There are two major differences in human blood type, and these relate to the type of unique chemical molecules that are present on the surface of red cells. Landsteiner called these two A and B types, that is; red blood cells having only A molecules became type-A, blood with B became type-B, cells with a mixture of both were labelled type-AB and finally cells on which neither molecules were observed were labelled type-O. This classification system is what we call today the A-B-O system with which all blood types fall into one of the three, or combinations of the three.

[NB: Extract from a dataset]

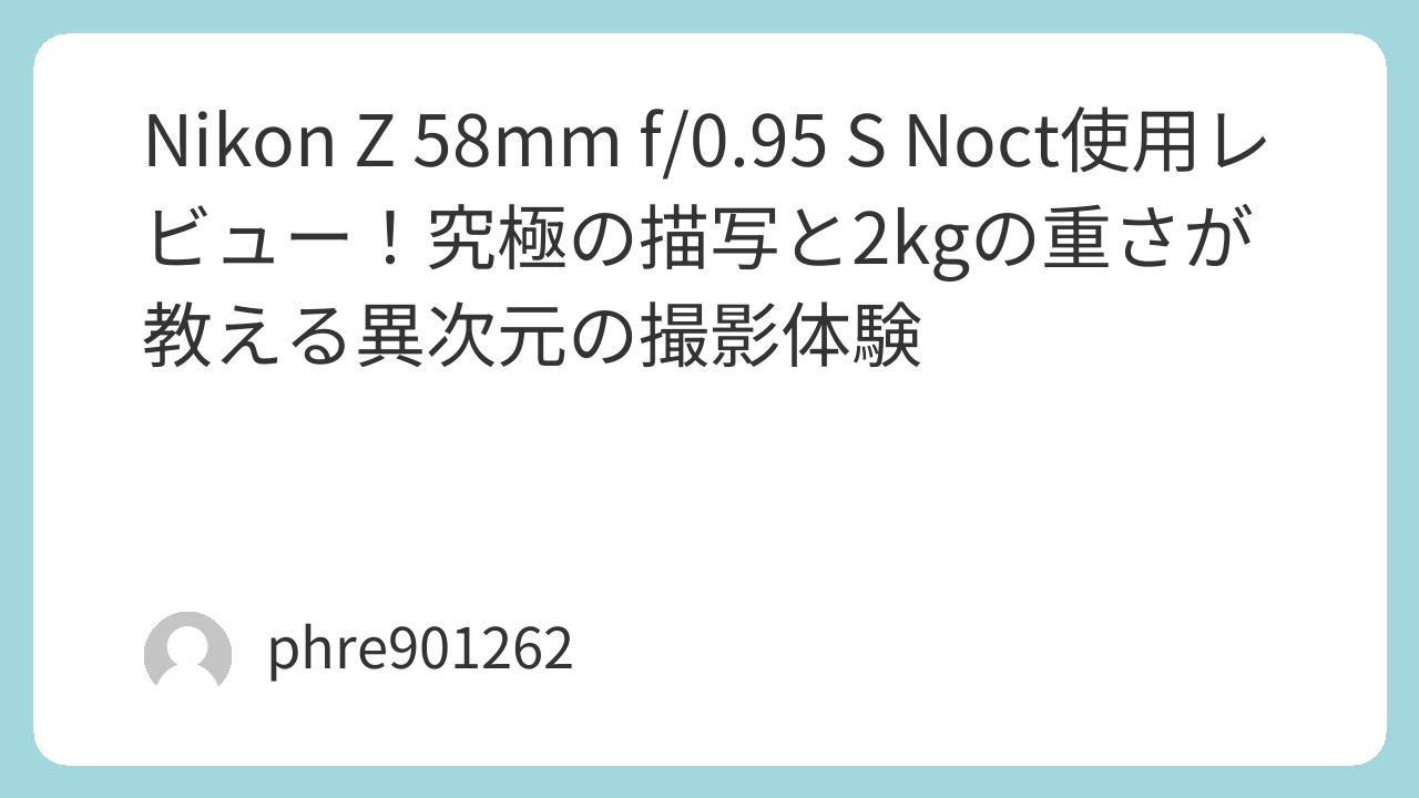 Nikon Z 58mm f/0.95 S Noct使用レビュー!究極の描写と2kgの重さが教える異次元の撮影体験

From this important discovery, blood transfusions became possible and with a significant success rate however there were still some unexplained reactions and fatalities that required more investigation. In 1937, the culmination of study in the field of reactions during blood transfusions, Karl Landsteiner working with Alexander Wiener discovered another critical aspect of compatibility named after the Rhesus monkey used in experiments. It was this Rhesus factor or Rh, as we now know it, causing many of the unexplained reactions during transfusions despite the care in which matching blood types were used. Interestingly, this discovery was tantalisingly related to the field of genetics, and some important discoveries lead to future developments in advanced medicine.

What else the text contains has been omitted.